Artifact Evaluation Instructions for "Anvil: Verifying Liveness of Cluster Management Controllers"

This document is for OSDI'2024 artifact evaluation.

Artifact goal

In the paper, we make the claim that

We use Anvil to verify three Kubernetes controllers for managing ZooKeeper, RabbitMQ, and FluentBit, which can readily be deployed in Kubernetes platforms and are comparable in terms of features and performance to widely used unverified controllers.

The goal is to reproduce the key results to support the claim. Specifically, the key results are (1) verification results in Figure 1 in Section 7 and (2) performance results in Figure 3 in Section 7.

The entire artifact evaluation process can take about 9 hours (mostly machine time).

  1. Kick-the-tires Instructions
  2. Full Evaluation Instructions

Kick-the-tires Instructions (~1.5 compute-hours + ~6 human-minutes)

Following kick-the-tires instructions, you will (1) verify one controller using the container image we prepared, and (2) run a small subset of the workloads used for evaluating the controller's performance.

Verifying one controller (~4 compute-minutes + ~1 human-minute)

The instructions in this section can be run on any machine with docker installed.
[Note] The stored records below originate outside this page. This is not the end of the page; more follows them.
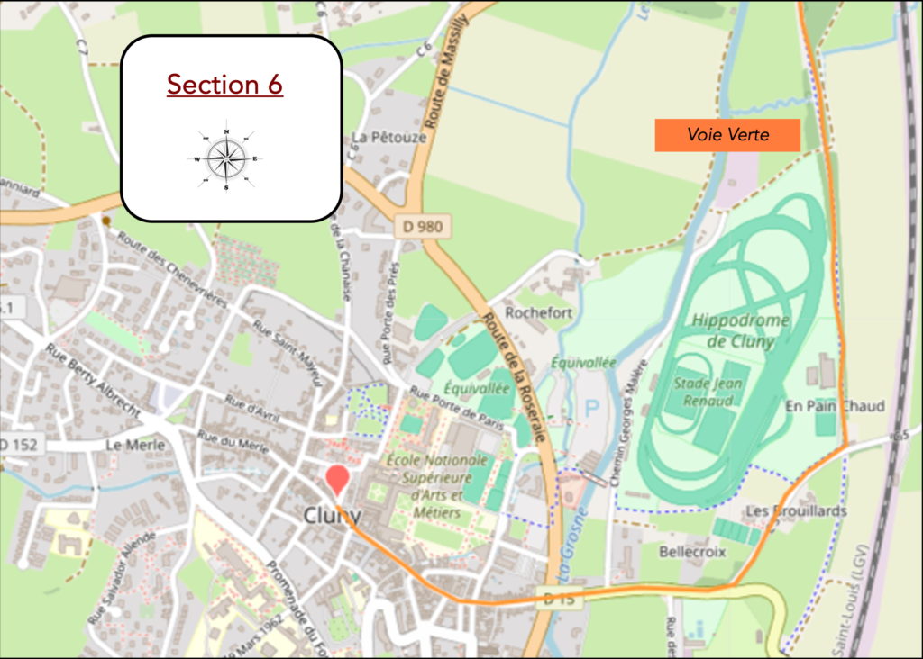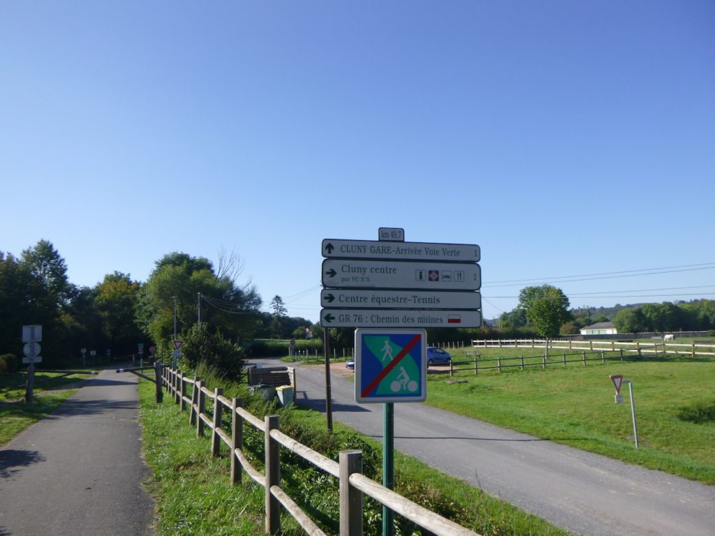 Pour les passionnés de la petite reine, la piste cyclable poursuit son cours au-delà, mais pour vous, elle s’interrompt près du parking, à deux pas d’un centre équestre. C’est Cluny déjà, à seulement un kilomètre du centre. La ville se devine dans ses contours, entre patrimoine et quotidien.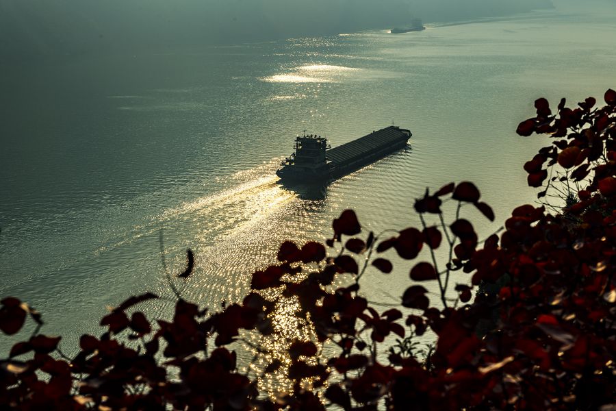 A ship sails through the Wuxia Gorge, one of the Three Gorges on the Yangtze River, in Wushan County, southwest China's Chongqing Municipality, Nov. 23, 2019. (Xinhua/Wang Quanchao)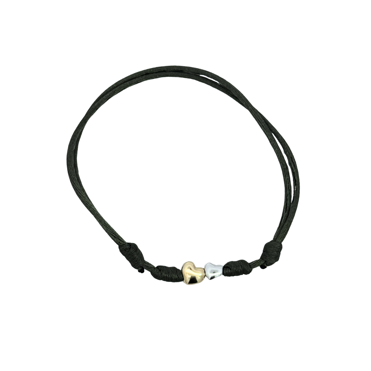 Bracelet avec 1 cœur en or jaune 9ct & un cœur en argent. Cordon 1mm.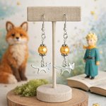 Boucle d'oreille fantaisie avec attache en argent 925 accompagné de deux perle jaune nacré .
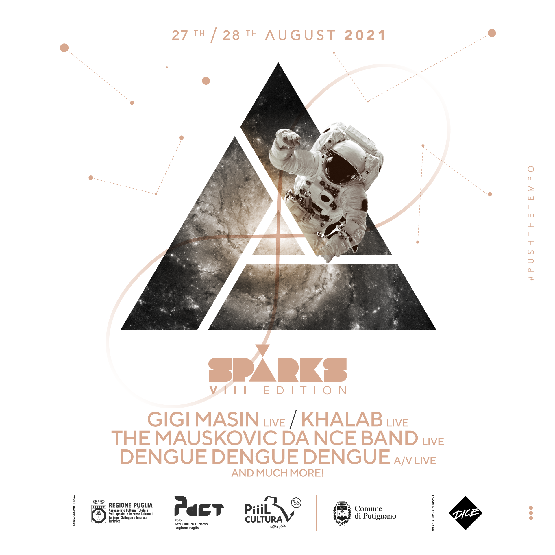 SPARKS Festival è sempre in missione verso nuovi mondi, alla ricerca di nuovi suoni, nuove forme di vita, nuovi stimoli. Push the tempo è il tema che caratterizza questa edizione, in linea con il concetto di forzare il tempo, ricercare, andare oltre. Come nel nastro del matematico Möbius, presente nell’artwork di questa edizione, dove il tempo è un’illusione e può essere piegato a favore di una visione della vita priva di costrizioni temporali e ideologiche.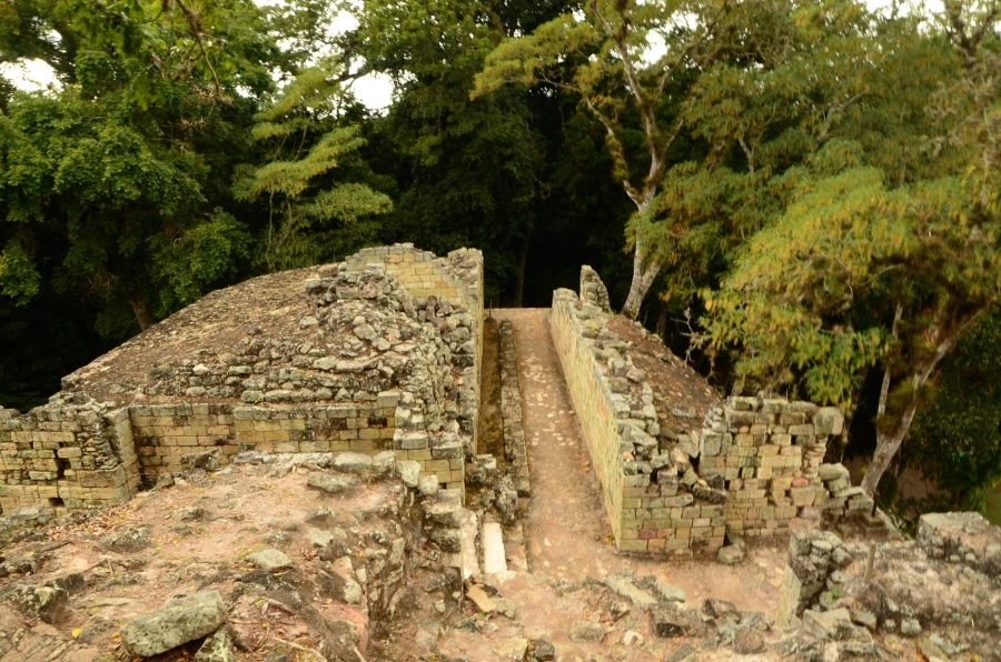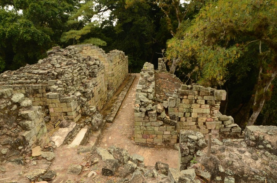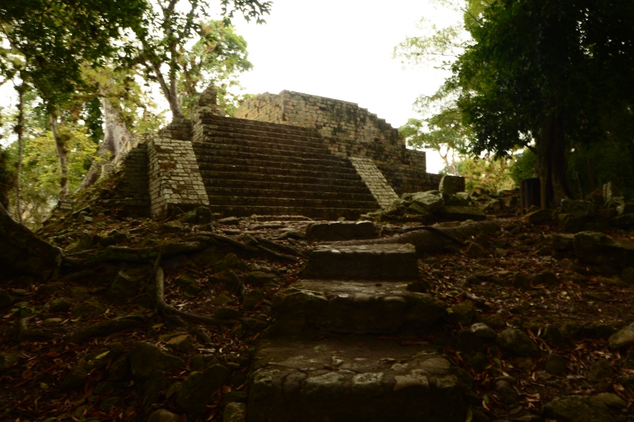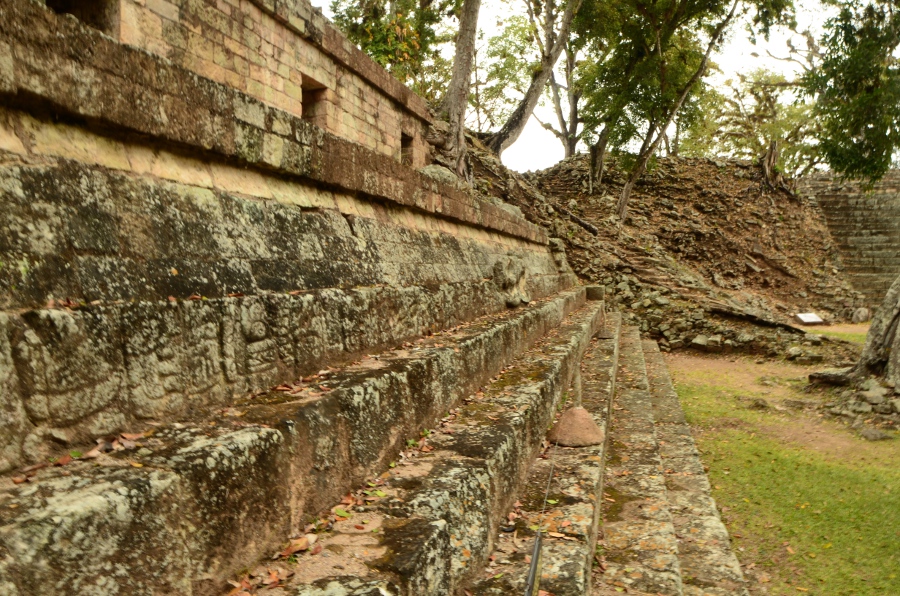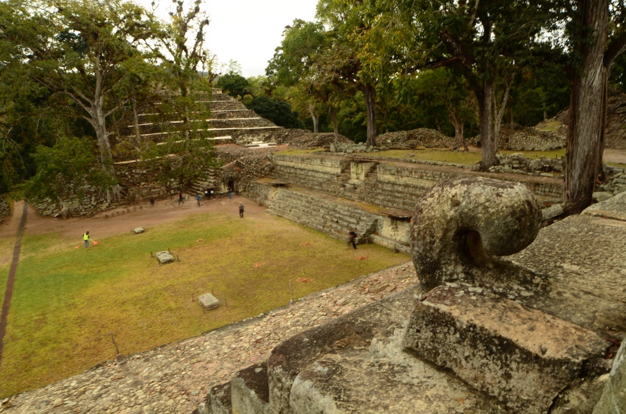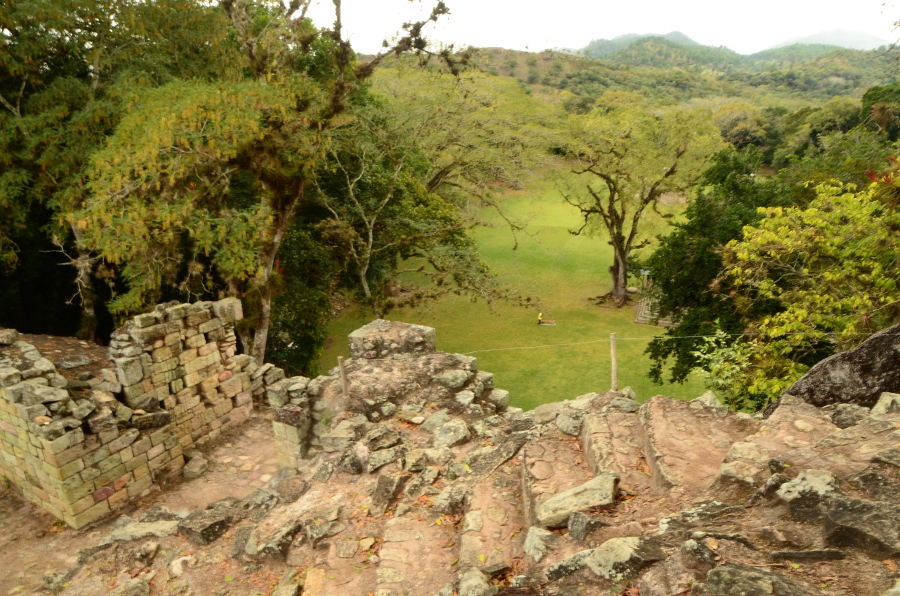 Aujourd’hui, la végétation pousse au milieu des ruines, les arbres enracinés dispersés au milieu des pierres donnent un cachet incroyable à ce lieu. Malgré tout, avec un peu d’imagination et en se laissant imprégner par la poésie de ces lieux, on imagine sans mal la grandeur de Copán au temps de la splendeur maya.

Step 1: download the container image (~3.56GB)

docker pull

Note: If you cannot download the image, try to authenticate to the container registry and pull again.

Step 2: run the container

docker run -it bash

Now you should be in the path /anvil inside the container.

Step 3: verify the ZooKeeper controller in the container

VERUS_DIR=/verus ./ zookeeper

It takes about 4 minutes to finish on a MacBook Pro 2019.

Step 4: check the verification result

cat zookeeper.json | grep "errors"

The result should be "errors": 0,, meaning that all the proofs are verified. If you do not see the expected output, please let us know.

Running workloads of one controller (~1.5 compute-hours + ~5 human-minutes)

The instructions in this section require some environment setup to run the controller workloads. We highly suggest you use the CloudLab machine with the profiles we prepared, as all the environment setup work will be a matter of running one script. If you are a first timer of CloudLab, you can read the CloudLab doc for an overview of how artifact evaluation is generally conducted on CloudLab. If you do not already have a CloudLab account, please apply for one following this link, and ask the OSDI AEC chair to add you to the OSDI AEC project.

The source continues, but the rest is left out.